When the last node of a rule is reached and noFOLLOW,
it implies that a "local" FOLLOW will be computed
after this call. I.e.,
a : b A;
b : B | ;
c : b C;
Here, when computing the look of rule b from rule a,
we want only {B,EPSILON_TYPE} so that look(b A) will
be {B,A} not {B,A,C}.
if the end block is not locked and the FOLLOW is
wanted, the algorithm must compute the lookahead
of what follows references to this rule. If
end block is locked, FOLLOW will return an empty set
with a cycle to the rule associated with this end block.
- look in interface LLkGrammarAnalyzer
look
public Lookahead look(int k,
RuleRefElement rr)
Compute the lookahead contributed by a rule reference.
When computing ruleref lookahead, we don't want the FOLLOW
computation done if an empty path exists for the rule.
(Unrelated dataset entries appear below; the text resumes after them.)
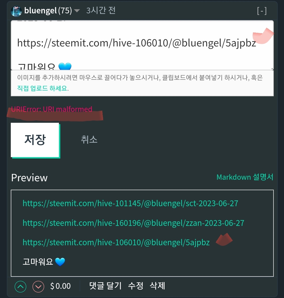 막줄 추가 수정 하려니 빨간 형광펜 표시 부분 처럼 오류 발생
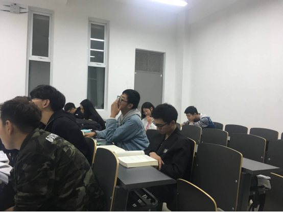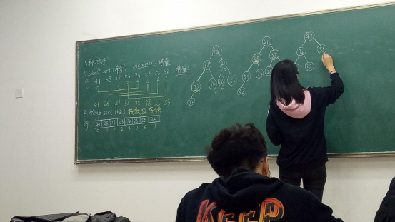 在将考试重点系统归类划分后,刘畅与杨云聪同学对重难点知识分模块进行讲解。首先,刘畅同学对书中的"五类排序算法的思想和排序过程"、"AVL树的画图过程"、"多路树的插入和删除算法"三块知识点进行仔细讲解,并通过具体举例和画图结合的方法让大家对排序过程和算法的思路及方法有了更深入的理解。短暂休息后,杨云聪同学又对包含"图的邻接矩阵"、"最小生成树"、"最短路径"、"拓扑排序的深度优先遍历和广度优先遍历算法"四大知识点的图论进行解析教学。他结合书本例题与自身理解,将抽象的图论知识具体化,详细地为同学们分析了相应的解题方法。同学们仔细听讲,不时记录讲解过程中提及的重要知识点。课堂中学习氛围浓厚,同学响应积极,两位主讲对同学提出的疑问也都做了耐心解答。
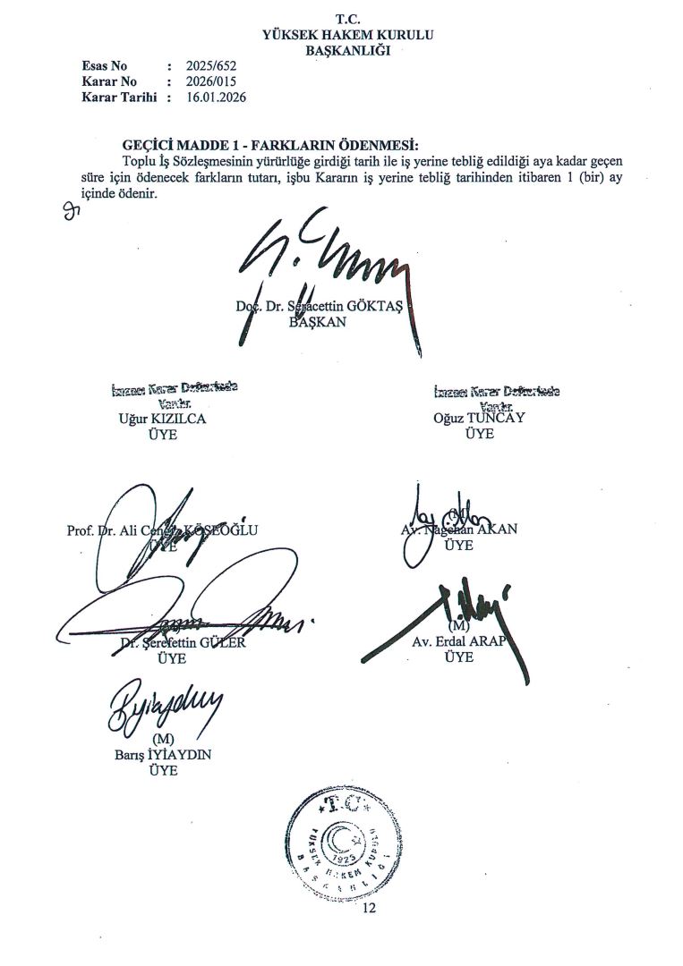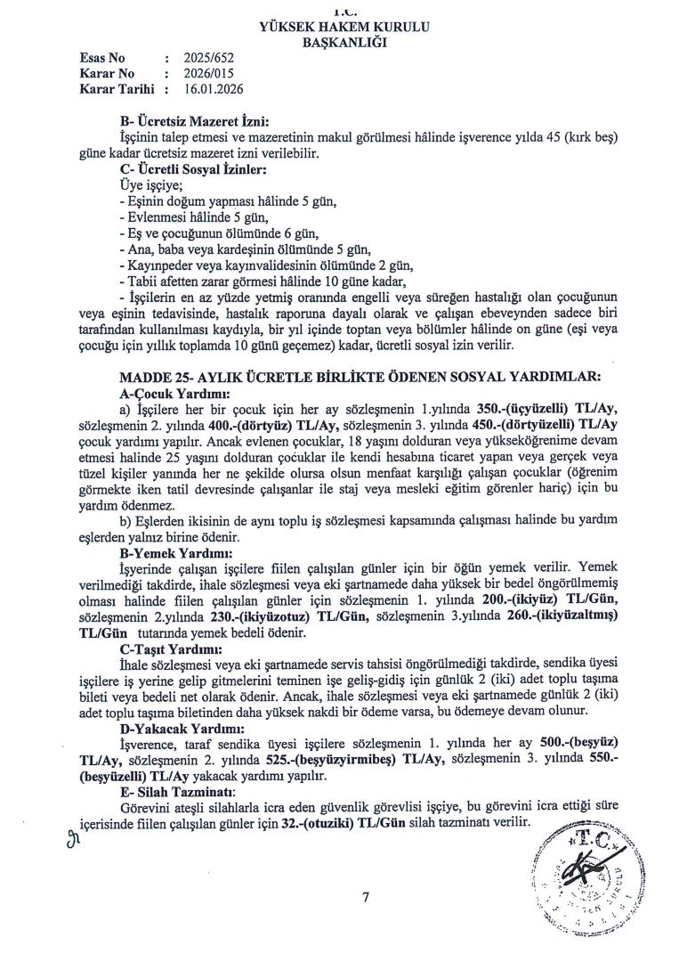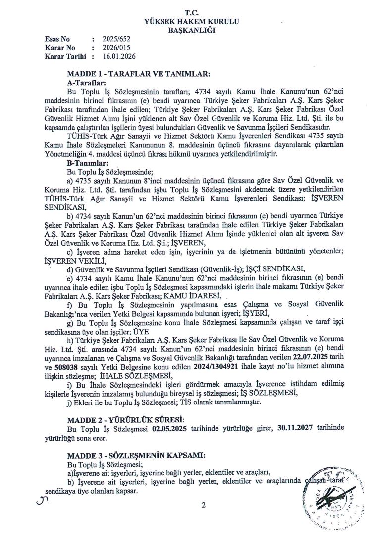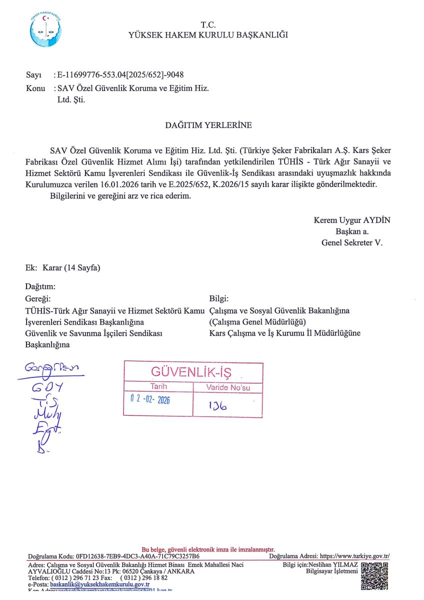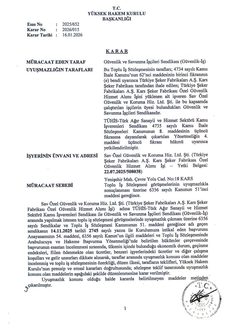 SAV Özel Güvenlik Koruma ve Eğitim Hiz. Ltd. Şti. (Türkiye Şeker Fabrikaları A.Ş. Kars Şeker Fabrikası) ile tarafından yetkilendirilen TÜHİS-Türk Ağır Sanayii ve Hizmet Sektörü Kamu İşverenleri Sendikası ile Güvenlik ve Savunma İşçileri Sendikası (GÜVENLİK-İŞ) arasındaki Toplu İş Sözleşmesi Görüşmeleri Yüksek Hakem Kurulunca Karara Bağlanmıştır.

The FOLLOW is too loose of a set...we want only to
include the "local" FOLLOW or what can follow this
particular ref to the node. In other words, we use
context information to reduce the complexity of the
analysis and strengthen the parser.
The noFOLLOW flag is used as a means of restricting
the FOLLOW to a "local" FOLLOW. This variable is
orthogonal to the
lock variable that prevents
infinite recursion. noFOLLOW does not care about what k is.
- look in interface LLkGrammarAnalyzer
look
public Lookahead look(int k,
SynPredBlock blk)
The lookahead of a (...)=> block is the lookahead of
what follows the block. By definition, the syntactic
predicate block defies static analysis (you want to try it
out at run-time). The LOOK of (a)=>A B is A for LL(1)
### is this even called?
- look in interface LLkGrammarAnalyzer
lookaheadEquivForApproxAndFullAnalysis
public static boolean lookaheadEquivForApproxAndFullAnalysis(Lookahead[] bset,
int k)
If the first k-1 sets are singleton sets, the appoximate
lookahead analysis is equivalent to full lookahead analysis.